Крыга и он стояли друг против друга, лишь случайно не встречаясь глазами. Лицо неизвестного – так как, по-видимому, это был новый жилец, которого Крыга еще не видел, – лицо это выражало крайний предел загнанности и угнетения. Сильно блестели глаза; рот с опущенными углами сжимался и разжимался, словно в него попал волос, и человек движениями губ стремился удалить раздражающее постороннее тело.
– Да он повесится, – сказал Крыга, – надо войти туда. – И вызывающе постучал.
Неизвестный, выпрямившись, отбежал к столу, сел и, сунув руки между колен, уставился на дверь таким полным страха и тоски взглядом, как если бы сейчас должен был вкатиться локомотив. Не дожидаясь ответа, Крыга отворил дверь и вошел.
К его удивлению, сосед поднялся с изменившимся выражением лица, немного сконфуженного, но улыбающегося той улыбкой, когда человек знает, что ему скажут, Крыга, притворив дверь, сказал:
– Вы, пожалуйста, извините, но я подумал, что с вами случилось бог знает что… Я прямо не в состоянии был сидеть в комнате. Что такое? Меня зовут Крыга.
– Пафнутьев, – сказал молодой человек, – у меня бессонница, я в дезабилье[5], прошу извинить.
– Мне показалось… – взволнованно начал Крыга, пристально, с немного жутким чувством смотря на Пафнутьева, – что это самое… вы… расстроены, вероятно?
Пафнутьев покорно и виновато улыбнулся, отводя взгляд. Сидел он, согнувшись, в такой позе, как если бы был разбит параличом, но не желал показывать этого.
– Вот не знаю. Не передашь. В этой сирене какое-то заразительное отчаяние.
Наступило молчание. Маленький растрепанный человек сидел перед Крыгой и улыбался.
– Вы откуда?
– Из Рязани, – сказал Пафнутьев, – я здесь три месяца.
– Учитесь?
– Да. Студент.
– А знакомые у вас есть?
– Нет.
– Как нет? – удивился Крыга. – Чтоб в Петербурге не завелись знакомые?
– Да нет же! – упрямо и сердито повторил Пафнутьев. – Нет никого. Я людей боюсь, – с неловкой искренностью прибавил он, – так вот сжимаешься, сжимаешься, да нет-нет, кто-нибудь и уязвит, и тогда одно отвращение.
– А родственники есть?
– Нет.
– Совсем нет?
– Совсем нет, – весело улыбаясь, подтвердил Пафнутьев.
– Вам надо лечиться, – серьезно сказал Крыга, – что же это, ведь пропадете так?

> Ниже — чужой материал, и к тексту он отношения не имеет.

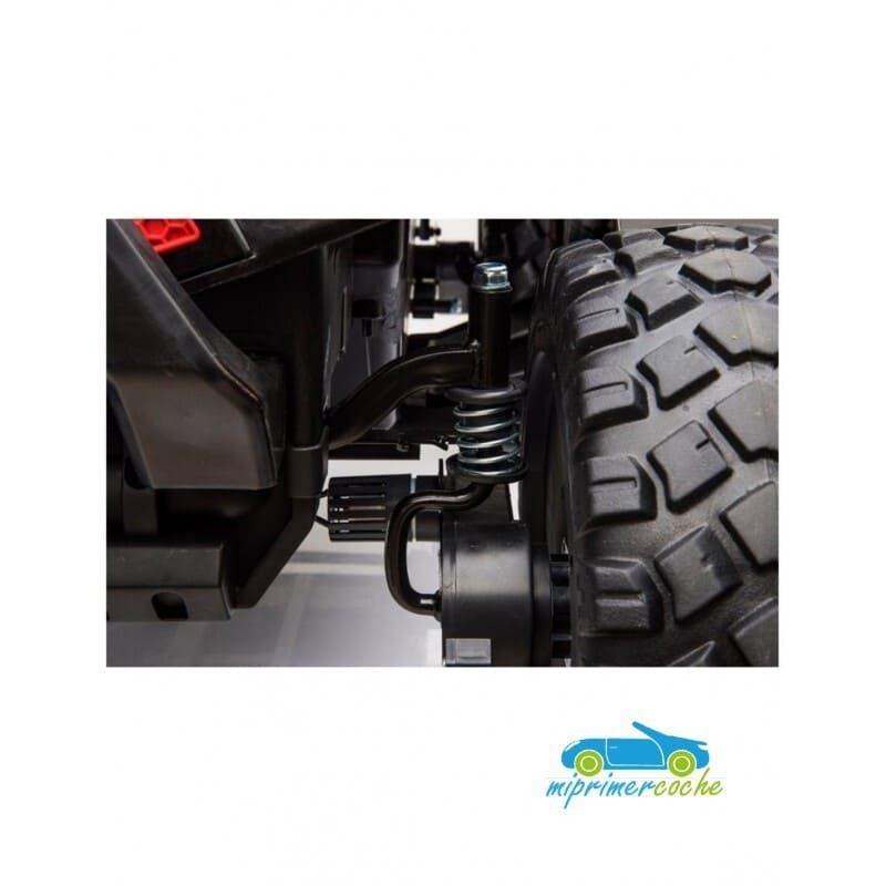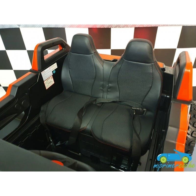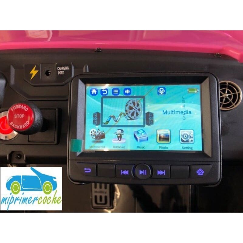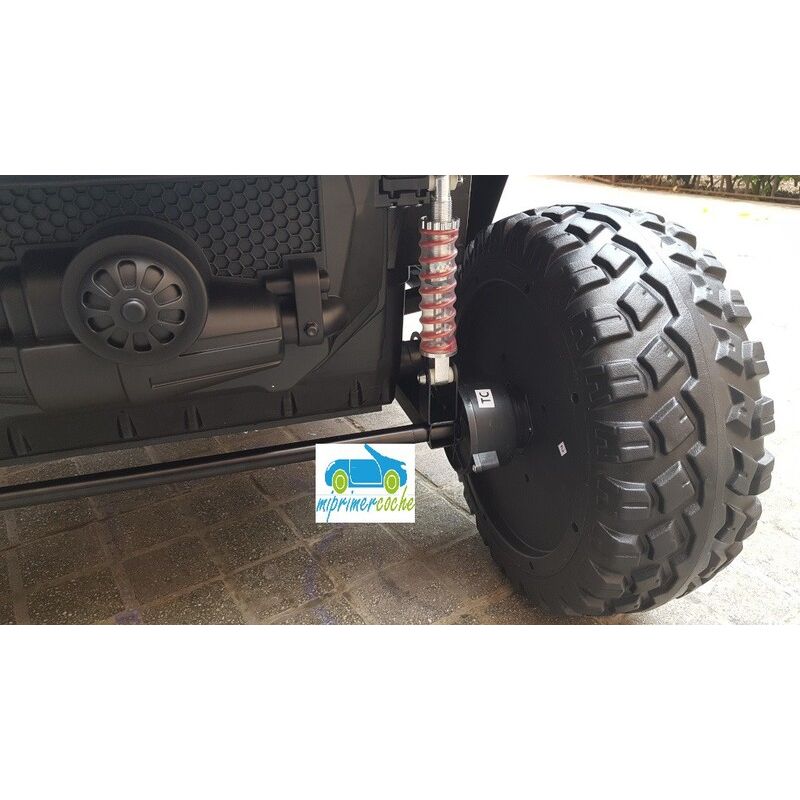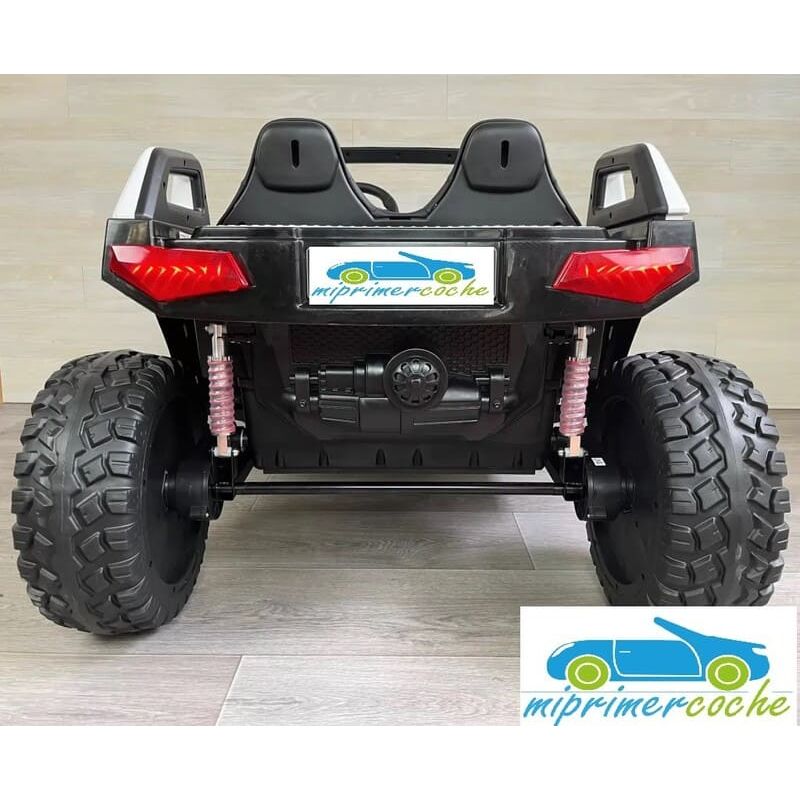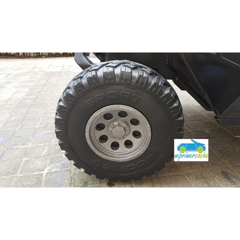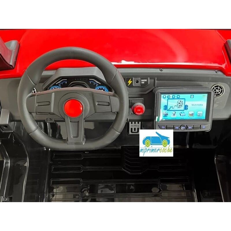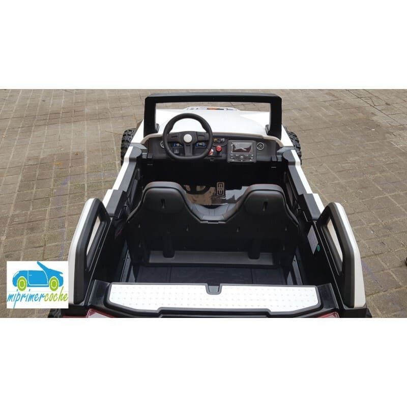 Un todoterreno que puede con todo , con 4 motores 24v , ruedas de caucho lo que le permite ir por todos los terrenos y capaz de soportar hasta 100 kilos .Equipado también con asiento muy espacioso acolchado en polipiel y con soportes extraíbles bajo el asiento , puede transportar hasta 4 niños a la vez . También este modelo dispone de pantalla MP4 y ventiladores que simulan el aire acondicionado .

– Пропаду, – вдруг зло и глухо бросил Пафнутьев; вскочив, он быстро забегал по комнате, шлепая босыми ногами. – Да, нервы расстроены, денег нет! И черт их дери, пропаду, так пропаду… А зачем жить? Скучно, холодно… Холодно, – остановившись и подергивая, как от озноба, плечами, повторил он.
– Да вы идите, вам спать нужно, я уж не закричу.
– Ах, милый, – сказал Крыга, – слушайте, я вам валерьянки дам. Хотите? Уснуть-то ведь нужно.
– Не надо мне валерьянки, – сказал Пафнутьев, забегал, суетясь руками по незастегнутому вороту рубашки, остановился и, посмотрев рассеянно на Крыгу, прибавил: – Валерьянки?.. А дайте, отлично.
Крыга, торопясь, вышел, плотно закрыв дверь. В полутьме коридора разбуженные криком и разговором жильцы высунулись из дверей, притаив дыхание; видны были только заспанные, обеспокоенные лица и руки, придерживающие дверь.
– Что там? – шепотом спросила курсистка с усиками.
– Да маленькое приключение, – сказал Крыга, – так, городская мелочь, шелуха жизни; человек пропадает – только и всего.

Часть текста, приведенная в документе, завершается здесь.